--- Stored data Enclosed Below ---

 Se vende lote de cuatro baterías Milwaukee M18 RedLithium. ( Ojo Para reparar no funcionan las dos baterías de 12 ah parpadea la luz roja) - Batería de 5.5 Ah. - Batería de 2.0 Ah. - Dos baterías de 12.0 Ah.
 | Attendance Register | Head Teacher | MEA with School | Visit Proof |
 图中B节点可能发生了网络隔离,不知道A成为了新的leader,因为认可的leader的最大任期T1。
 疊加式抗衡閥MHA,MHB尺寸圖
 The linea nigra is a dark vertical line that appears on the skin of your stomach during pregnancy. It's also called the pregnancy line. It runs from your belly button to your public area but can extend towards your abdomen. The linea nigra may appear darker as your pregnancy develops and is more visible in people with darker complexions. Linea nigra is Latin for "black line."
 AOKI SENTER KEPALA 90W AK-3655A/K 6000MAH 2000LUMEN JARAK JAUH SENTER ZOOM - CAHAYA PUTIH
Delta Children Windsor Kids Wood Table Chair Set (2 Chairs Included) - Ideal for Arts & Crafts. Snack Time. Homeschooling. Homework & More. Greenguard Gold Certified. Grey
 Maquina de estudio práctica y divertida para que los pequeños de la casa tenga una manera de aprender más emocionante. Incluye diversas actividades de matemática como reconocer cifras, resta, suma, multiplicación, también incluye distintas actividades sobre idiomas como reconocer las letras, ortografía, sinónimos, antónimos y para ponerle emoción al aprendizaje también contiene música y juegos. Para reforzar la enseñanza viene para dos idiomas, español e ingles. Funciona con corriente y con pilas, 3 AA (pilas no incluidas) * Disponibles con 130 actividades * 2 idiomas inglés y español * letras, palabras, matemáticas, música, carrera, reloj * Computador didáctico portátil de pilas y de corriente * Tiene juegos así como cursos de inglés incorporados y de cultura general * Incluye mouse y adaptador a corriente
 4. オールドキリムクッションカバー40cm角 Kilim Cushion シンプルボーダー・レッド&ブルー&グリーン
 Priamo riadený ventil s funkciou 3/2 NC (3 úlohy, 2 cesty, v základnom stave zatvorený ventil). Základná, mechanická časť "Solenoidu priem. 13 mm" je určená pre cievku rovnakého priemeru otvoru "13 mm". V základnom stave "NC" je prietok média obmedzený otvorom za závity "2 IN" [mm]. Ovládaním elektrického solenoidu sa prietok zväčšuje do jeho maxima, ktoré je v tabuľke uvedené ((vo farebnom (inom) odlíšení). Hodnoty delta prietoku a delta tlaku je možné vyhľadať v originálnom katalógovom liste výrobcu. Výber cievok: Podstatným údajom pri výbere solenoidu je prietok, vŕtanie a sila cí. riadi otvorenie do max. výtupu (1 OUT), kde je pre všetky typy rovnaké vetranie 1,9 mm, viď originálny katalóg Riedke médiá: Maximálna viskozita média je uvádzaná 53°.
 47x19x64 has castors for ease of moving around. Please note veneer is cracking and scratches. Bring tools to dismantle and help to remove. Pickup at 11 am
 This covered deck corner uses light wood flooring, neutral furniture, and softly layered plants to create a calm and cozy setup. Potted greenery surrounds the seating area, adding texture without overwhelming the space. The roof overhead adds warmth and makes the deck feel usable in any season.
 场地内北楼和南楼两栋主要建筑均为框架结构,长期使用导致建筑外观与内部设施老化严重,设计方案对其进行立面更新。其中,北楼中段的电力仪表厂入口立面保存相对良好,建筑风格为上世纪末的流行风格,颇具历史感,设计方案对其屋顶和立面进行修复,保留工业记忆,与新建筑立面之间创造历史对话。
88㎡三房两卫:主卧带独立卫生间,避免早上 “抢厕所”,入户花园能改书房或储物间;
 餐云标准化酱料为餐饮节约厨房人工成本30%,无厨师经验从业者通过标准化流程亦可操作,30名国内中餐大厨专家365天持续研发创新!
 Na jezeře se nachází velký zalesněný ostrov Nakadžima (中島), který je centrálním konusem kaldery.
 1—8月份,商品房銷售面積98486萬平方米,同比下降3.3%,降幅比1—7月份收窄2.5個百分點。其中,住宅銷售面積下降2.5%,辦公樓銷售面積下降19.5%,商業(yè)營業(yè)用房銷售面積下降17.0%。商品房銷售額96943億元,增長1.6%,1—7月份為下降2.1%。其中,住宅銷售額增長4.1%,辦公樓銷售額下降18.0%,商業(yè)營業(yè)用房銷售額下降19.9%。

--- End of Enclosed Stored data ---

◆ **Exercise instructions**: Lines from the one with "餐云标准化酱料为餐饮节约厨房" through the end of the data: set these down exactly, including both ends and nothing more.

◆ **Response to this exercise**:
 餐云标准化酱料为餐饮节约厨房人工成本30%,无厨师经验从业者通过标准化流程亦可操作,30名国内中餐大厨专家365天持续研发创新!
 Na jezeře se nachází velký zalesněný ostrov Nakadžima (中島), který je centrálním konusem kaldery.
 1—8月份,商品房銷售面積98486萬平方米,同比下降3.3%,降幅比1—7月份收窄2.5個百分點。其中,住宅銷售面積下降2.5%,辦公樓銷售面積下降19.5%,商業(yè)營業(yè)用房銷售面積下降17.0%。商品房銷售額96943億元,增長1.6%,1—7月份為下降2.1%。其中,住宅銷售額增長4.1%,辦公樓銷售額下降18.0%,商業(yè)營業(yè)用房銷售額下降19.9%。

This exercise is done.